The History of the Hatchback
You may have heard the term hatchback used to describe a variety of vehicles with a rear door that pops up, but not all vehicles with that type of access are hatchbacks. A hatchback specifically refers to a sedan or coupe (four- or two-door) vehicle that has a tailgate that flips up from two hinges, frequently called a third or fifth door. They are often also called “two-box” cars, as the vehicle is broken up into two sections: the front section where the engine is housed, and the back section that is meant for passengers and cargo. These cars don’t have a defined trunk, or third area, so that’s where the “two-box” name comes from. Hatchbacks do not include vehicles such as wagons or SUVs, while those also have a rear door that flips up, they are considered different vehicle types.
The First Hatchback
Some assert that the 1938 Citroën Traction Avant 11CV Commerciale was the world’s first hatchback. Built to attract families and workers with cargo, the Citroën offered unique trunk access that had a split rear door where the bottom half folded down (like a truck tailgate) and the top half popped up from top-mounted hinges (as traditionally found on hatchbacks). Others argue that the half and half setup of the Citroën isn’t a true hatchback, and that the first hatchback design as we’ve come to know them today was the 1965 Renault 16. Also designed with families in mind, the Renault was positioned to be a modern alternative to larger sedans and wagons that was more affordable and more fuel-efficient.
The hatchback has come a long way, creating a huge following of drivers who love the look and functionality of this design.
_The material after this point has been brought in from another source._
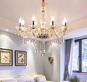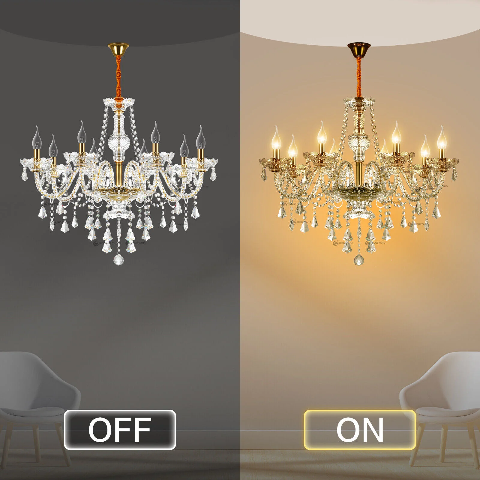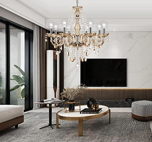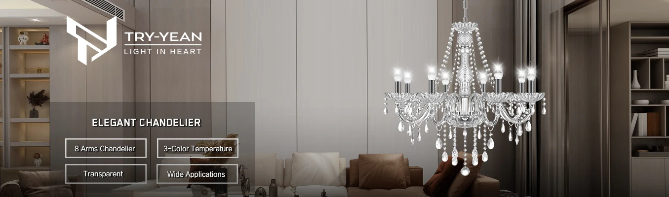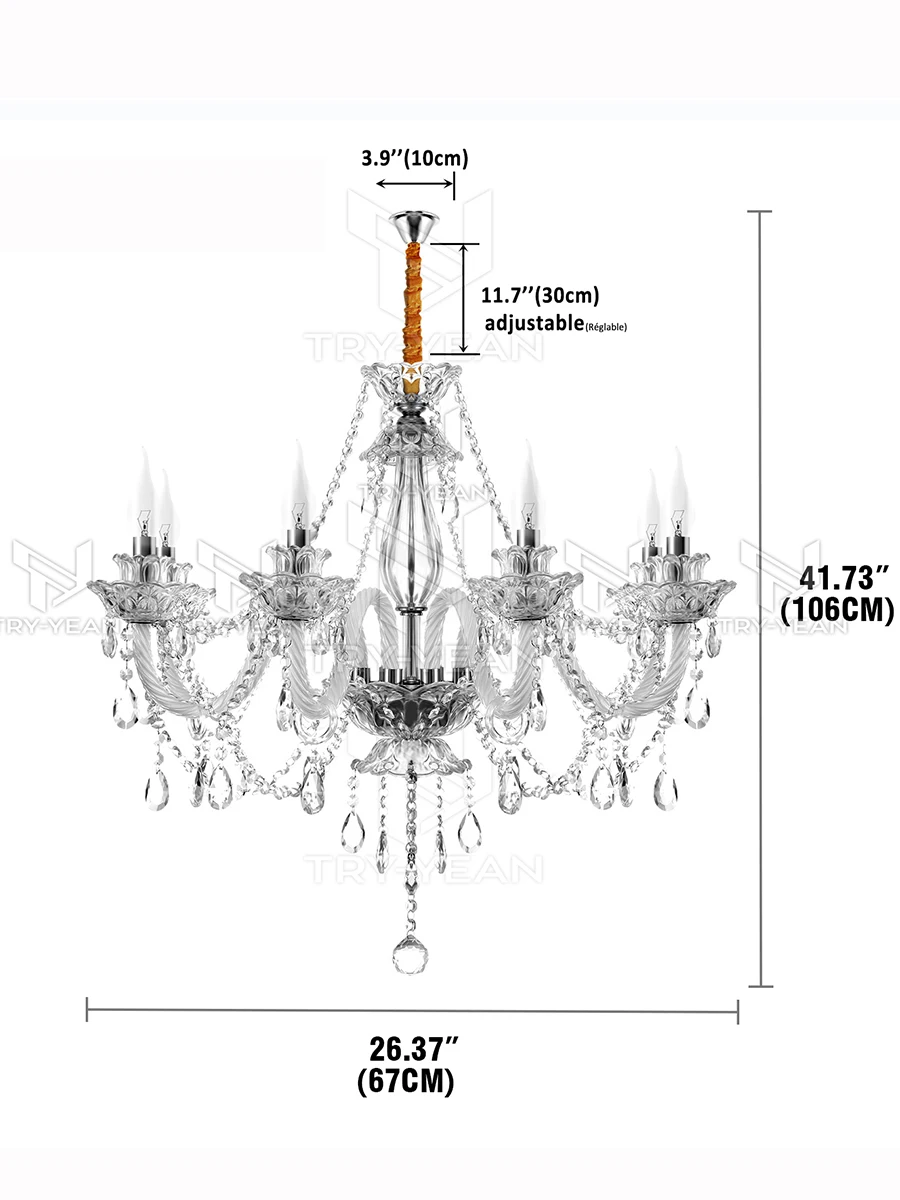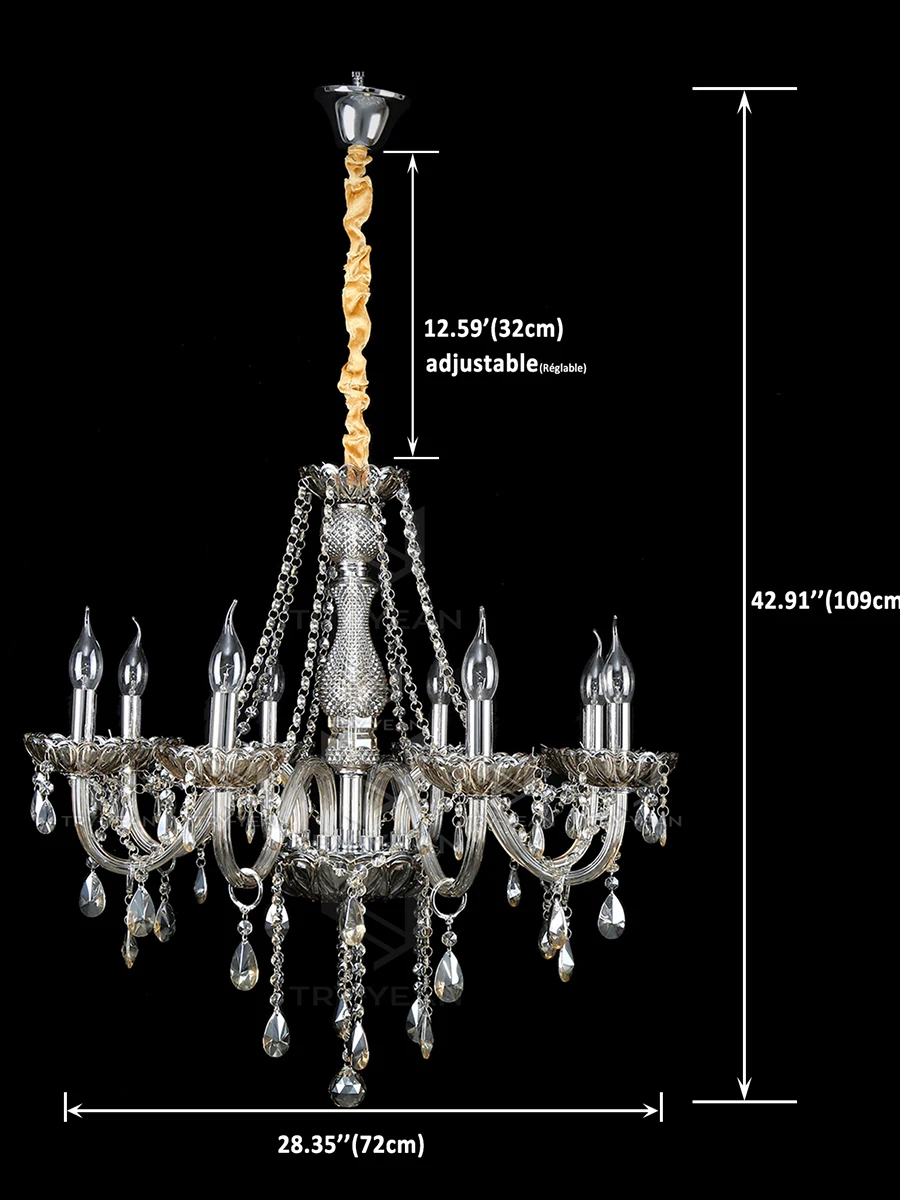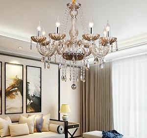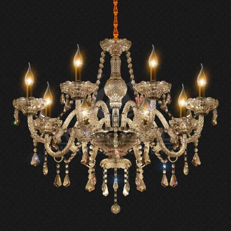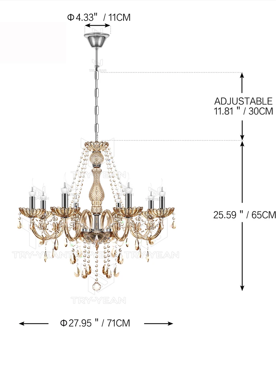 TRY-YEAN Cognac Crystal Glass Chandelier 8 Arms Chandelie Glass Living Room Bedroom Wedding Decor Hanging Lamp Lobby Suspension

Here are a few “hot hatches” from over the years:
1968 Mustang GT-390 Fastback
American muscle-made hatchbacks cool with the Ford 1968 Mustang fastback. Little seating and small cargo space didn’t scream family vehicle as the original hatchbacks were intended, but 0-60mph in 6.3 seconds attracted a new crowd. Plus, Steve McQueen racing through San Francisco in a thrilling car chase in the movie “Bullitt” helped make this hatch hot.
1976 Golf GTI Mk1
The Volkswagen 1976 Golf GTI Mk1 was one of the earliest hatchbacks to capture the hearts of drivers. It was incredibly fast due to its lightweight construction, going 0-60mph in just nine seconds. Not only that, but the hatchback offered some serious cargo space, making it perfect for young drivers that wanted a quick car that could also be practical.
2002 Ford Focus RS
Ford had another fantastic hatchback option with the 2002 Ford Focus RS. It was sporty, with a turbocharged engine that could go from 0-60mph in just 6.3 seconds. Though never sold in the US, this vehicle had a lot to offer at an affordable price and helped secure the hatchback’s position in modern automotive history.
2021 Audi A5 Sportback
Hatchbacks have gone through a huge evolution and luxury brands are getting in on the hype. Style meets function in hatchback offerings like the 2021 Audi A5 Sportback. These vehicles offer all the creature comforts of a high-end maker but with some major cargo space and functionality.